And protectionism is always aimed at particular industries, as a result of political and cultural pressures. We don’t set out to support industries that, say, are nearly viable, but not quite, or industries that are cost-competitive if the Aussie dollar is below a certain level. There was no policy rhyme or reason for what we used to support. Manufacturing has always attracted protectionism because it has powerful unions and well-connected companies that can form an alliance of interests to secure government support no matter who is in power. Agriculture secures assistance because rural political parties make it the price of their political support. Exactly which industry is protected is a political, not a rational, decision — and can be influenced by donations, bribes and other forms of corruption.

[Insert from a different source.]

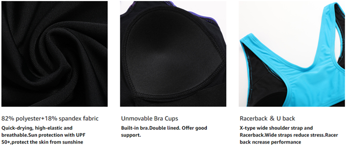 • MATERIAL:82% polyester 18% spandex.Lining:100% Polyester,quick-dry fabric stretch stays comfortable,chlorine-resistant fabric helps retain shape and prevents fading .Our model information:Height 5'74, Bust 35.43",Waist 23.62",Hips 35.43". [Wearing size S].

It’s also a cultural decision. In Europe and Australia, small-scale “family farming” is protected for “cultural” and “heritage” reasons. In fact, the National Party supports agricultural protectionism in Australia because it is opposed to Australia having a more efficient, productive agricultural sector — which would mean larger economies of scale and less employment. And manufacturing is protected because the idea that manual labour is somehow superior to all other forms of labour is deeply embedded in our culture — only making something is a real job, unlike a mere “McJob” of providing a service to someone else. Male manual jobs were sanctified as authentic work, compared to more sedentary, or knowledge-based, jobs that could be done by anyone with skill.

But protectionism worked, didn’t it? Things might have cost a lot more, and we might have had to pay more via our taxes to support randomly selected industries, but it kept people in work, didn’t it? Well, not really. Let’s pick a benchmark year when there was still a high level of protectionism in our manufacturing sector — say, 1985. At the end of 1985, when manufacturing enjoyed an effective overall rate of assistance of 22% and much higher levels for cars and textiles, manufacturing employed just under 16% of the entire workforce, according to ABS workforce data. Problem is, the jobless rate at that point was just under 8% in trend terms — significantly higher than now.

[Thanks to the unions, old-timey protectionism is back in fashion]

That was the nadir of unemployment after the recession of the early 1980s — in 1986 unemployment began rising again to over 8%. And this was a very different workforce: the employment to population ratio was 56.5% in trend terms compared to around 61% now, and the participation rate was a full three percentage points below its current level. The Australian workforce was a smaller proportion of its population back then, but unemployment was still worse than now.

(If you go back to when ABS record first begin, in 1978, the trend unemployment rate was 6.4%, still higher than now, with even lower participation than in 1985).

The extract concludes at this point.